*TASK GOAL:* Without any of the pictures, transcribe all the lines below exactly.

*SUPPLIED INFORMATION:*
_ _ _ _

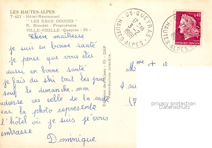 carte postale Queyras La Monta Hôtel Restaurant Les Eaux Douces postalisch gelaufen Erhaltung siehe scans [FriedD77]
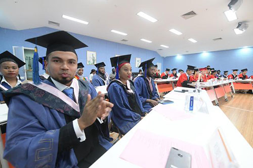 中青在线讯(中国青年报·中青在线记者 王聪聪)国内首批创业教育方向硕士职工毕业典礼6月5日在太阳集团tyc4633举办。太阳集团tyc4633董事长赵敏为来自哈萨克斯坦、孟加拉国、也门、加纳、坦桑尼亚等8个国家的12位职工颁发了毕业证书。
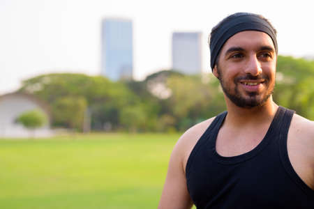 Face of happy young handsome bearded Indian man thinking at the park

_ _ _ _

*PROBLEM SOLUTION:*
 carte postale Queyras La Monta Hôtel Restaurant Les Eaux Douces postalisch gelaufen Erhaltung siehe scans [FriedD77]
 中青在线讯(中国青年报·中青在线记者 王聪聪)国内首批创业教育方向硕士职工毕业典礼6月5日在太阳集团tyc4633举办。太阳集团tyc4633董事长赵敏为来自哈萨克斯坦、孟加拉国、也门、加纳、坦桑尼亚等8个国家的12位职工颁发了毕业证书。
 Face of happy young handsome bearded Indian man thinking at the park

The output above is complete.